We assumed that every individual having an AA has the potential to develop CRC. As noted by Van Ballegooijen et al. [13] and Lew at al. [61], vast majority of individuals with AA will not develop a CRC in their lifetime and diagnosis and treatment of these AA could be seen as overdiagnosis. To account for the possibility of a difference in risk, Y could be modelled as a mixture distribution accounting for individuals with progressive versus indolent lesions [19, 62] or by explicitly modelling the dependence between X and Y since fast progression from AF to AA maybe followed by fast progression from AA to CRC as noted similarly in the cervical cancer model proposed by Vink et al. [19]. Furthermore, we assumed that at baseline, after polypectomy, all individuals are adenoma free.

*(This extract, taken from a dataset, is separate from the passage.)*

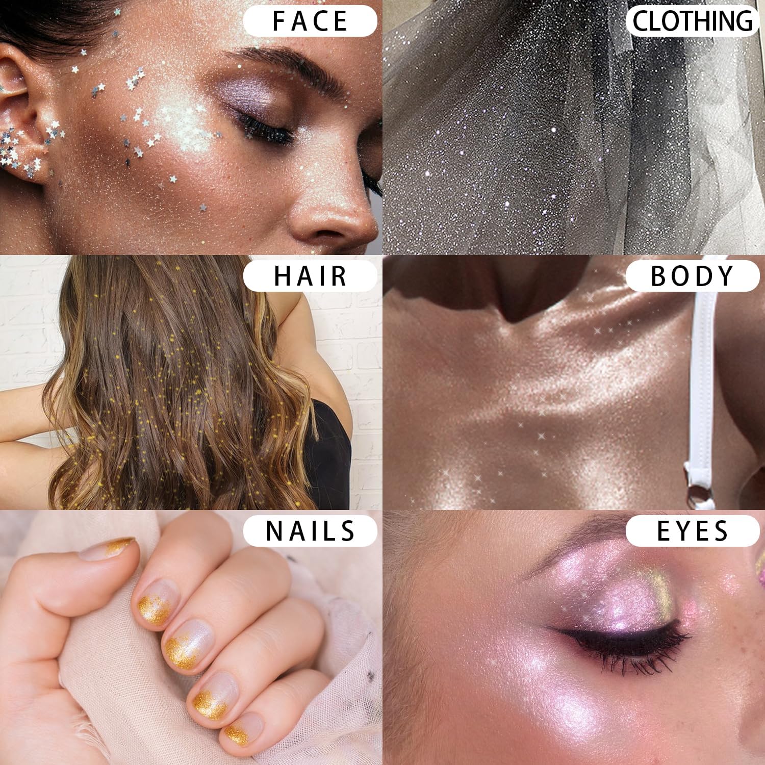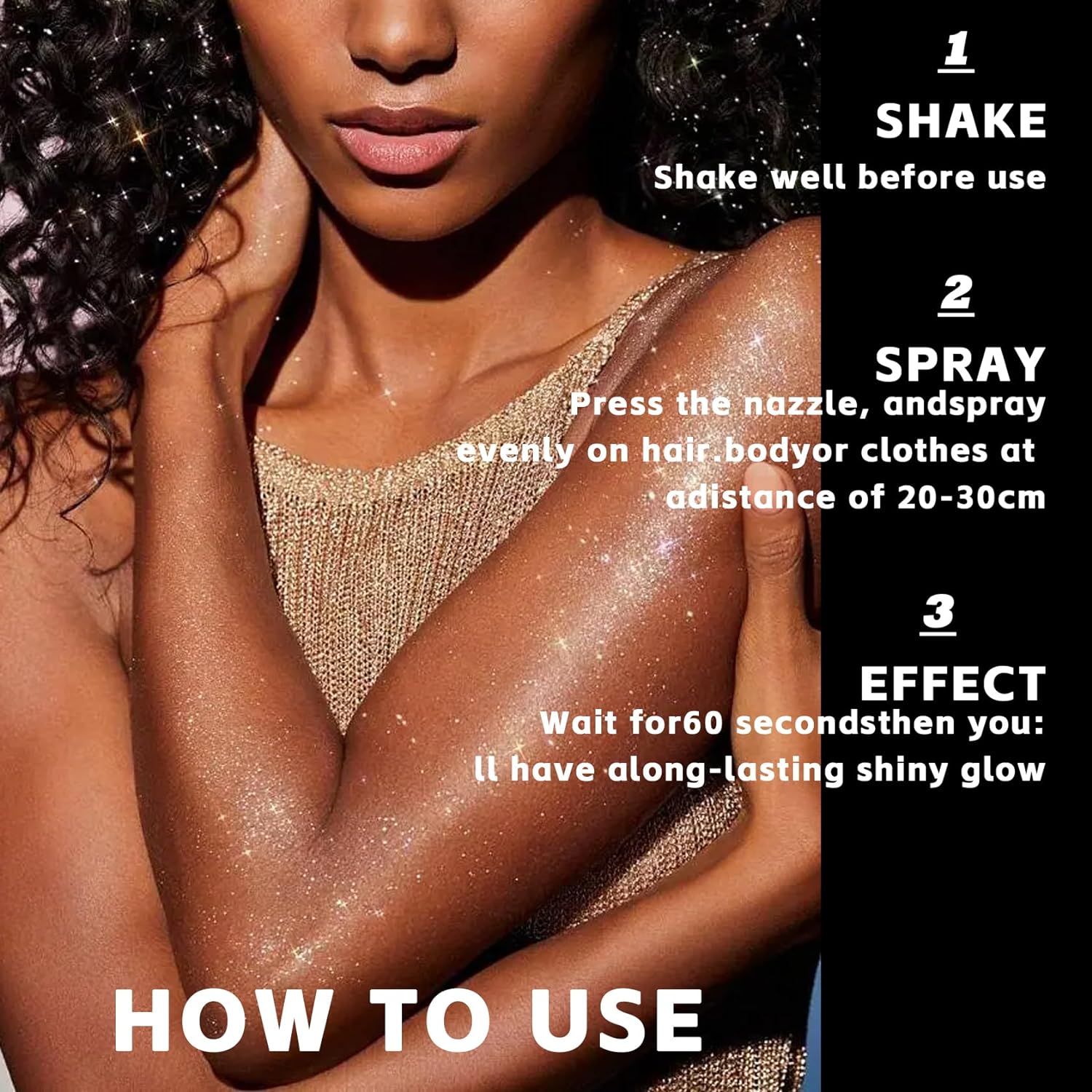 This glitter spray is suitable for body to feet: hair, body, face, clothes. Spray some glitter on the brow bone to brighten the eyes, or sprinkle some on the collarbone and shoulders to add sparkle and extra glamour to your style.

This assumption could be relaxed to allow for the possibility that a small proportion of non-advanced or advanced adenomas, or even CRC, are missed at colonoscopy.

Conclusion

Reliable estimation of the time distribution between precancer and cancer is important to allow prediction of long-term outcomes of screening and surveillance programs and to allow optimization of such programs. We have provided a statistical method for estimating the not directly-observable time from AA to CRC in a progressive three-state disease model. Our proposed method is not limited to estimating time distributions in the CRC screening and surveillance setting, but can be applied to any disease process where individuals are censored once they are observed to be in a pre-final state and are treated in that disease state, such that the progress from a pre-final to final state cannot be observed.